Streaming services continue to flourish with new platforms joining the fray at a relatively regular rate, and that has potentially contributed to consumers making a startling move. Piracy is on the rise. The news comes via a new study that has revealed that following years of a downturn, piracy's numbers are trending upward. You may be wondering what exactly one has to do with another and there is an explanation.
First, the research comes to us from Sandvine's report on Global Internet Phenomena. The theory behind what the data reveals is that with Netflix and other streaming services launching exclusive deals for content, it has forced potential customers to subscribe to multiple platforms to get all of the content they want, and that is obviously cost-prohibitive. To explain the theoretical aftermath, here is an analogy.

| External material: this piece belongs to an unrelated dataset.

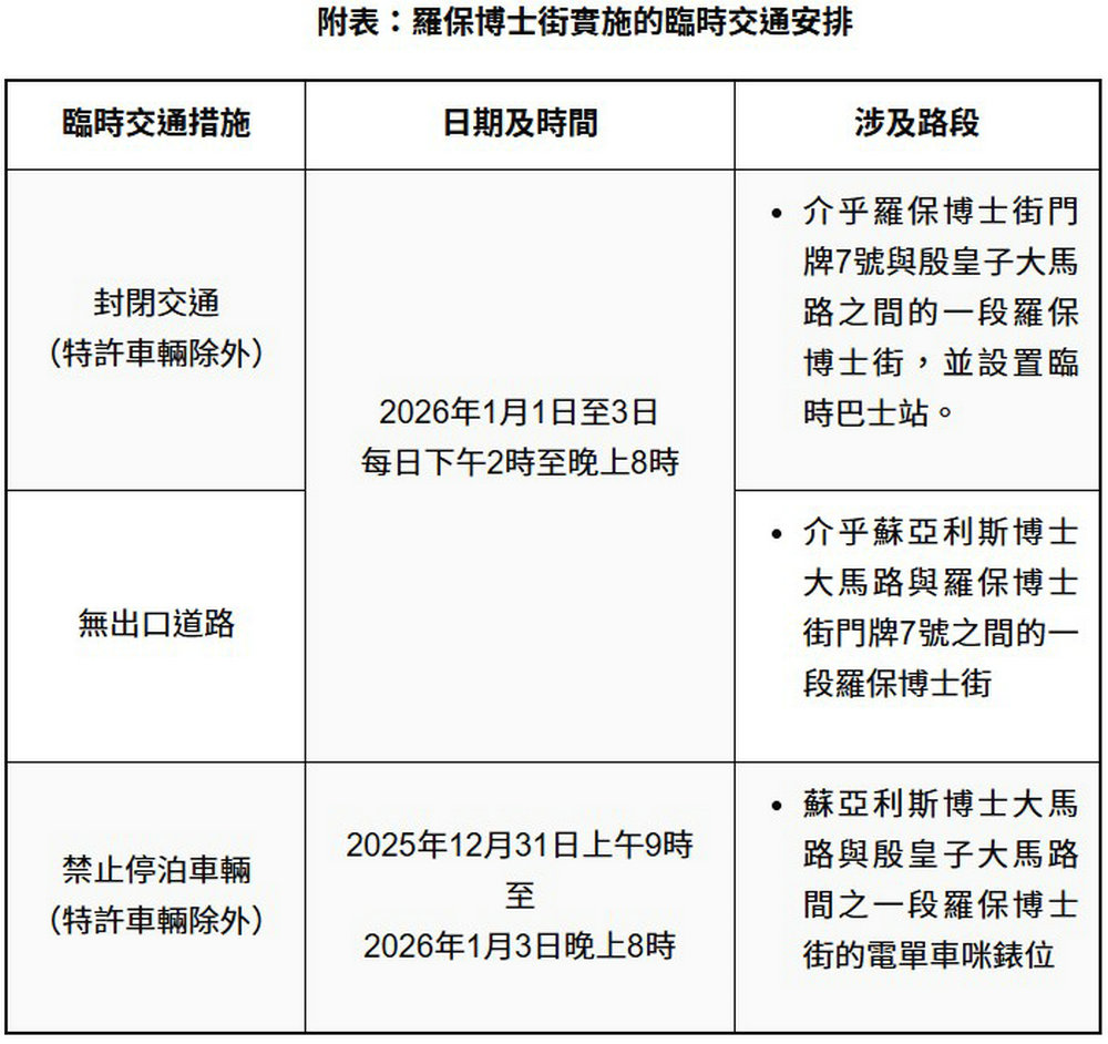 【澳門日報消息】交通局訊:為加強元旦假期乘搭巴士服務的人流疏導安排,交通事務局與巴士公司協調,於2026年1月1日至3日每日下午2時至晚上8時,對前往關閘方向的巴士停靠站點實施臨時分流安排,屆時3及3X路線將不停靠“新馬路/華僑”站,改停設於殷皇子大馬路(近羅保博士街)臨時站;為配合有關安排,羅保博士街一帶將實施臨時交通管制措施。

Rather than order a meal from every restaurant, some consumers have paid for their meal at a few and then dined and dashed for the rest. That is the analogical form of what Sandvine's Cam Cullen put forward as one of the possibilities to explain the piracy stat in his report. With so many streaming platforms rising to the fore, it means that subscribers are having to sign up for three services and beyond to watch all the shows they want. Or decide to stop watching, cutting the cord completely.
The more streaming service subscribers have to sign up for, the higher the expense cord cutters face in attempting to hinder the issue that made streaming so appealing in the first place -- cutting the cost of cable. Netflix, Amazon, and Hulu, arguably the big three of streaming, are now being faced with ever-growing competition, and subscribers are getting caught in the middle, while their wallets are crunched.
The question that follows is whether the streamers, faced with so much competition, will lower their prices to stave off the threat of piracy. Considering the current cost of the streaming platforms, Wal-Mart has reportedly considered entering the world of streaming to offer consumers a more affordable option.
The issue facing streaming services is similar to the one that faced the music industry years ago. Listeners do not want to buy an entire album of songs when they only want to listen to two or three. How streaming platforms move forward will be intriguing to watch. They have revolutionized the way people consume television content. Time will tell how they respond to the uptick in piracy and if they do anything at all.
The good news for Netflix is that the study also reveals that the streaming giant is still a giant, accounting for 15% of all the downstream internet data that is devoured. On that note, Netflix is gearing up for a massive fall with a lot of new television content set to bow this fall on the popular platform, and it is not the only one.